Московские знаменитости

Машина, остановленная Рейном, оказалась грузовиком-лесовозом, и водитель, у которого уже кто-то сидел в кабине, любезно предложил нам ехать на бревнах, правда, за бесплатно. Несколько часов мы то ползли в гору, то летели под уклон безостановочно, трясясь на каких-то смолистых комлях, за нуждой отползая к гибким (и гибельно виляющим) вершинным спилам, пока, наконец, не въехали во Львов.


Прелестный город, старомодно элегантный, составлял контраст мятой пропыленности наших одежд. Но и в провинциальном виде и статусе он сохранял столичное достоинство — это было нам, питерцам, по душе. Памятник Мицкевичу — поэту, а не какому-нибудь генерал-губернатору! Стрыйский парк! Но пора на вокзал.


В Москве жили все литературные знаменитости — и официальные, и те, что "по гамбургскому счету", последние нас и интересовали. Рейн поселился у своих родичей, я — у своих, но не у Ивановых на Кутузовском, а у Зубковских на "Соколе" в "генеральском" доме, — братец Сергей недавно женился и съехал оттуда; мне освободилась его кушетка. Я ночевал либо там, либо в Баковке, где семейства обеих сестер — Лиды и Тали — снимали дачу.
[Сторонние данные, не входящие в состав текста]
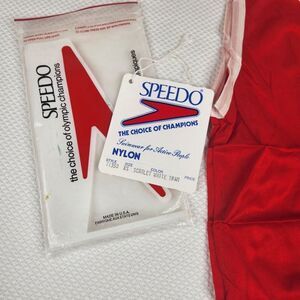 This vintage Speedo singlet is crafted from lightweight nylon, offering durability and comfort. Its vibrant red hue with white trim creates a striking contrast.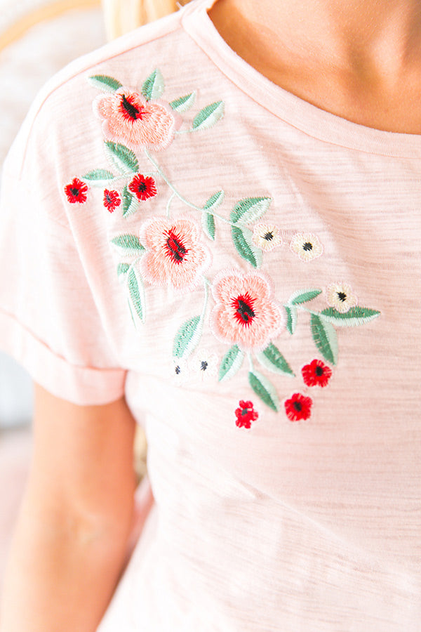Create a crush-worthy look in minutes with this effortlessly easy essential! This burn-out tee has short cuffed sleeves, a relaxed shift silhouette & a floral embroidered bust that adds the perfect boho touch. Style this comfy cutie with your favorite denim for a "casual cute" look that's perfect for all of your afternoon adventures!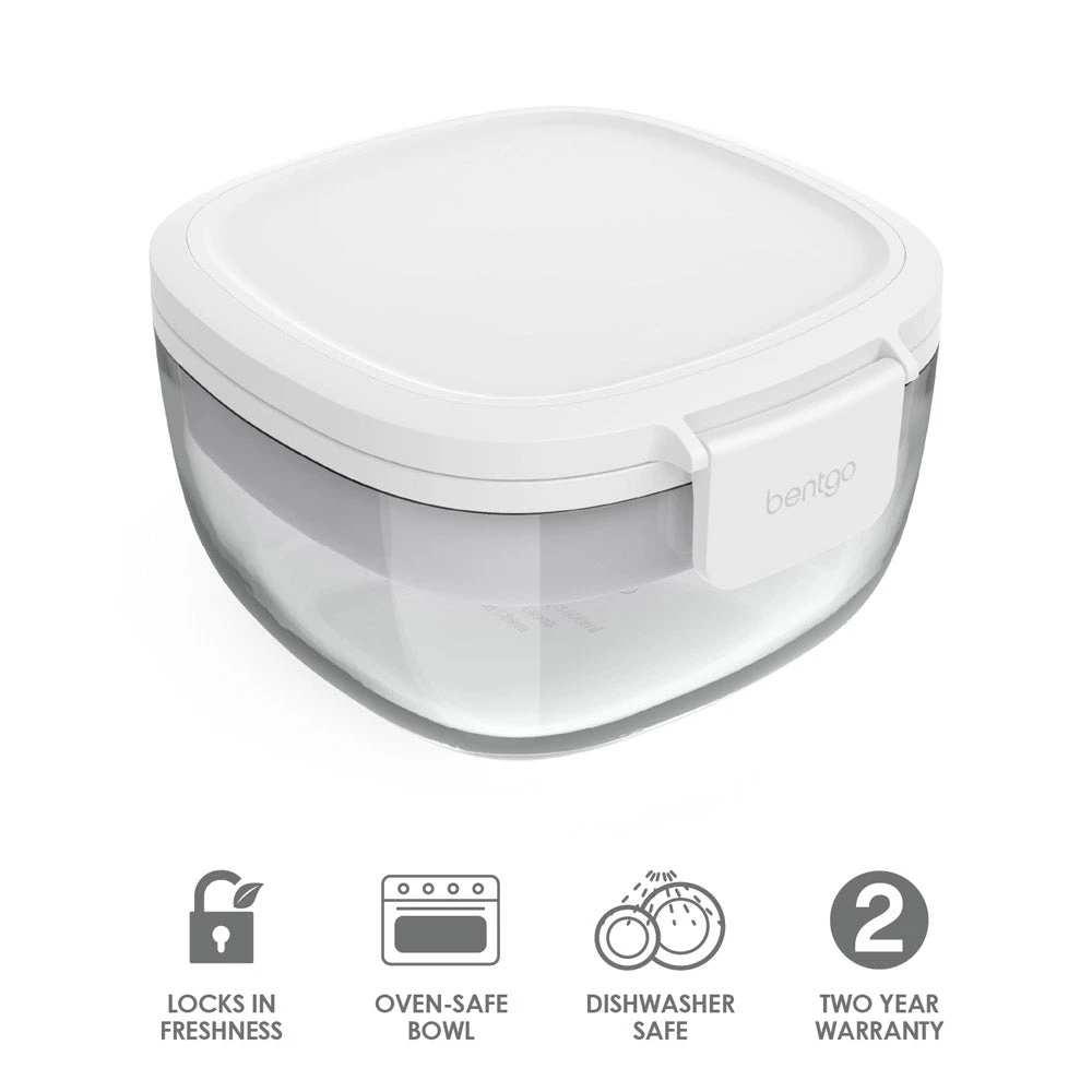 - ENJOY COLD OR HOT MEALS: Bentgo Glass is for more than just salads, it’s great for hot meals too. Unlike plastic bowls that retain food odors and are not always microwave safe, glass is non-porous, microwave safe, and oven safe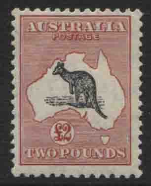 10/- grey and pink with vignette plate variety: MUZZLED ROO. Very fine, mint lightly hinged.$950.00 -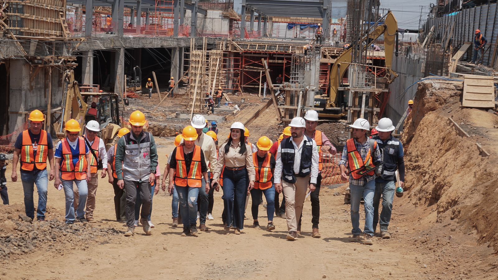 Durante el recorrido la secretaria destacó que la construcción mantiene un gran avance porque se encuentra la cimentación de todos los elementos estructurales en su totalidad, hay un colado firme en la zona de estacionamiento y un nivel muy avanzado en la albañilería, por lo que ya se pueden observar las dimensiones que este espacio tendrá.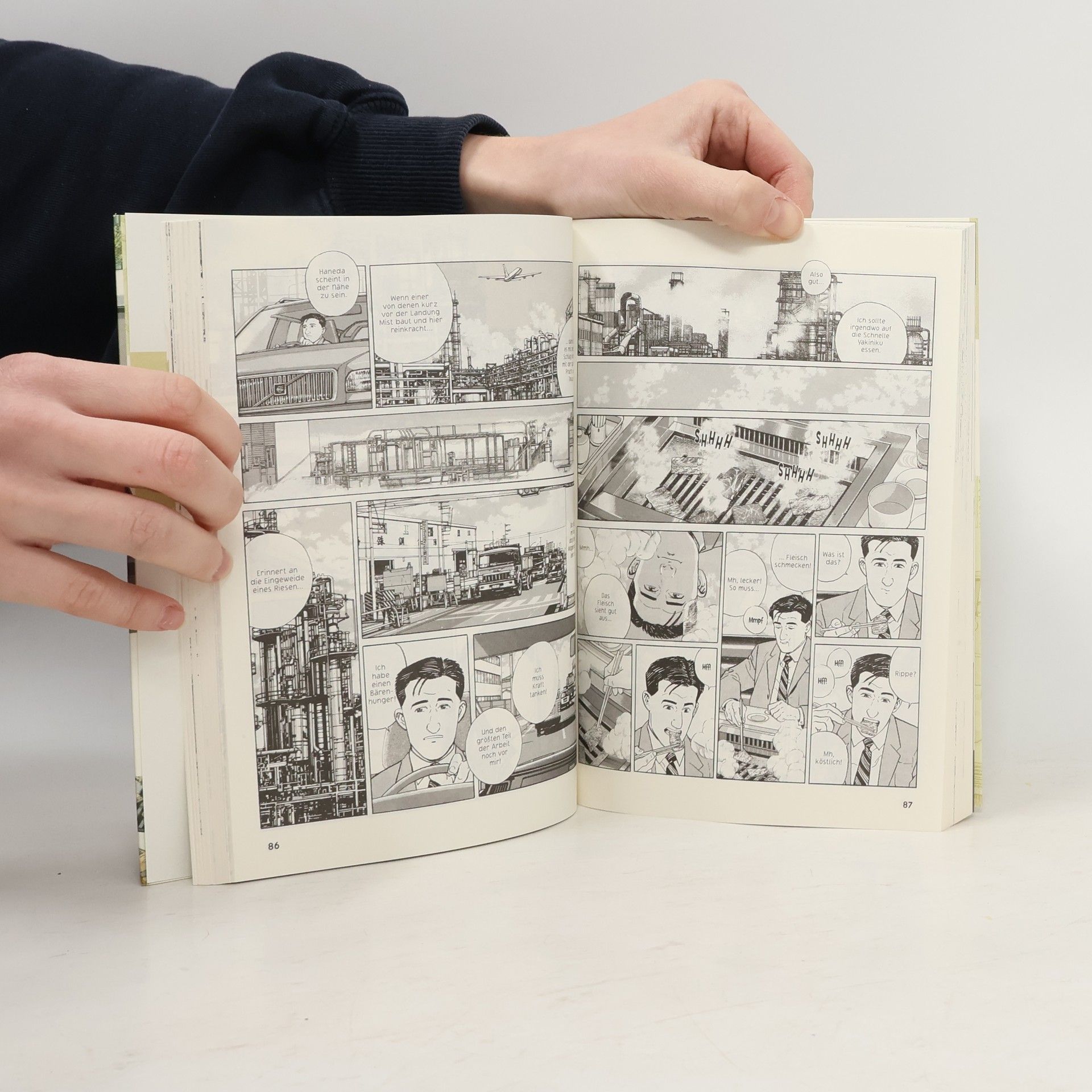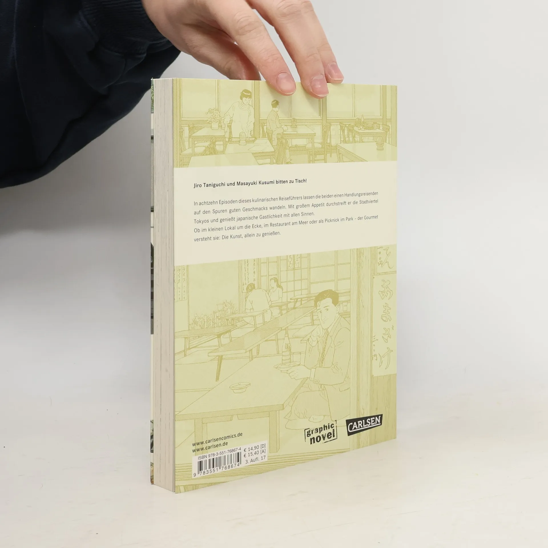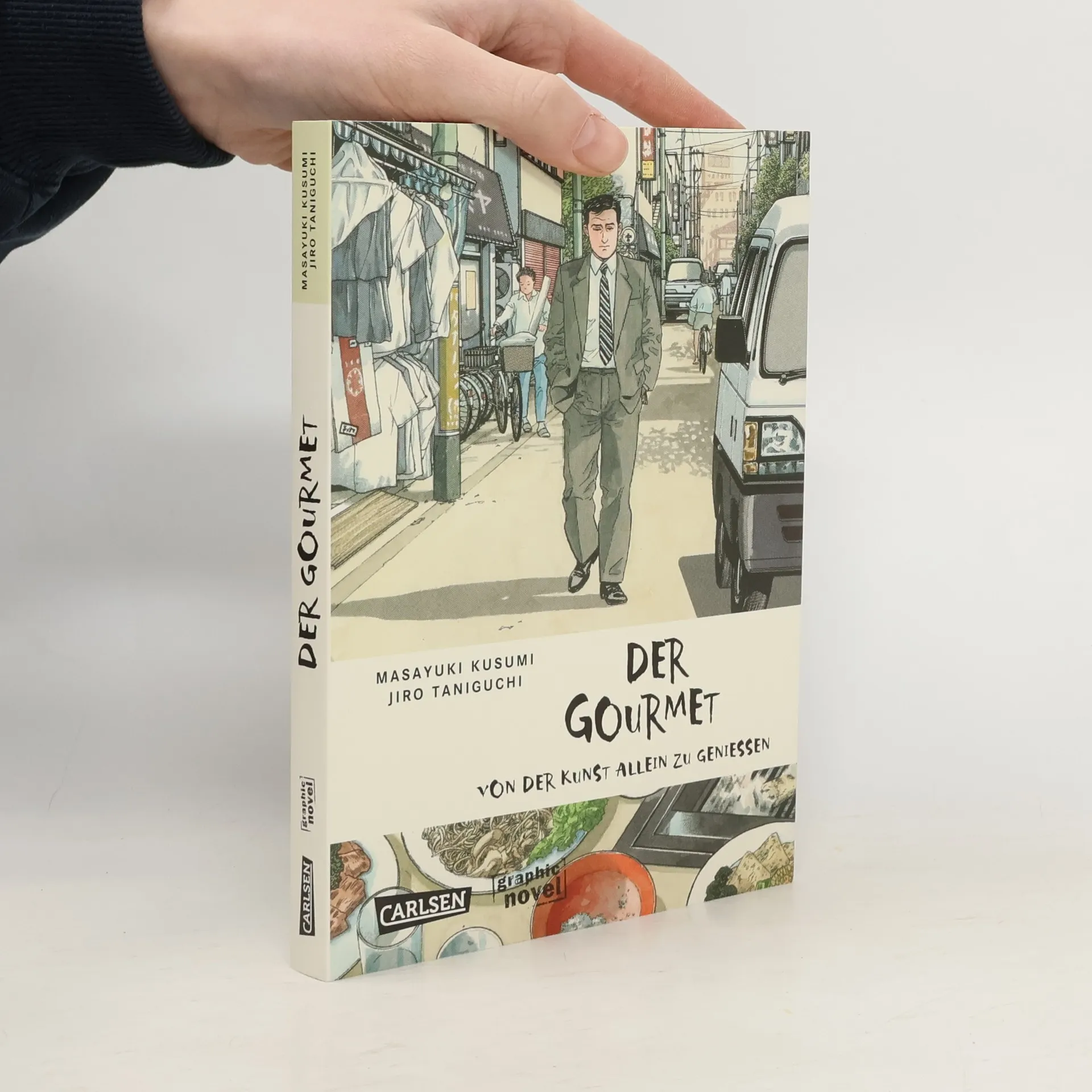 Jiro Taniguchi und Masayuki Kusumi bitten zu Tisch! Eine Sushi-Bar in Kichijoji, geröstete Manju in Takasaki, Oden mit Reis im Park von Shakujii, gedünstete Shumai im Shinkansen… Als Handlungsreisender kommt der Mann viel herum ‒ und er hat Hunger. Er schätzt die einfache, traditionelle Küche, lässt sich aber auch gern überraschen ‒ sowohl von der Mahlzeit, als auch vom Ort, an dem er sie zu sich nimmt. Allein, ungebunden und ohne konkretes Ziel durchstreift er die Stadtviertel und genießt japanische Gastlichkeit mit allen Sinnen. Jiro Taniguchi bittet zu Tisch! In achtzehn Episoden seines kulinarischen Reiseführers lässt er den Titelhelden auf den Spuren guten Geschmacks wandeln. An jedem Ort ein Essen, zu jedem Essen ein Ort. Ob in einem kleinen Lokal, im Sportstadion, im Restaurant am Meer oder als Picknick im Park ‒ der Gourmet versteht sie: Die Kunst, allein zu genießen.

В один теплый дождливый день я, накинув полковничью плащ-палатку дяди Лени прямо на футболку и трусы, отправился разведать дорогу в Переделкино и пошел себе мимо баковских дач, полем и сквозь лесок, по мосткам через какую-то запруженную заводь, опять мимо уже переделкинских дач, и вдруг оказался у ворот к Дому творчества.


Я пожалел, что оделся так по-простому, по-дачно-спортивному, но решил узнать, там ли Владимир Луговской, к которому мы с Рейном планировали на днях съездить. Подойдя к дверям, я как раз и столкнулся с ним. Он возвращался с высокой дамой, обликом напоминавшей красавиц, когда-то позировавших Дейнеке и Самохвалову.


Пришлось представиться как есть. Дама нас оставила вдвоем, и мастер, которым я так восхищался, разглядывал меня с недоумением. Объясняя свой, конечно же, неприличный для визита вид, я сам разглядывал прославленного поэта: высокий рост, тот же узнаваемый из тысяч мужественно-исступленный профиль, черные густые брови, волосы, теперь уже совсем седые, откинутые назад, — знакомый по портретам облик. Но и какая-то едва уловимая дряблая дряхлость проглядывала в подбородке, в безволосой лодыжке ноги… А голос — роскошный, даже несколько показной.


Я рассказал ему, как до морозных мурашек по коже любил его поэзию — не только знаменитую "Балладу о ветре" или "Мужество и нетерпенье вечно мучили меня" — образы, кстати, объяснившие мне собственные отношения с подругами, но и любовные, нежные и даже трогательные стихи…


— Какие же именно?


— Ну, например: "Стоит голубая погода, такая погода стоит, что хочется плакать об августе и слышать шаги твои…" Или: "Девочке медведя подарили…"


— А-а…


— И все-таки наиболее сильными мне кажутся поэмы из сборника "Жизнь", образующие новую линию. Так сказать, линию "Жизни"…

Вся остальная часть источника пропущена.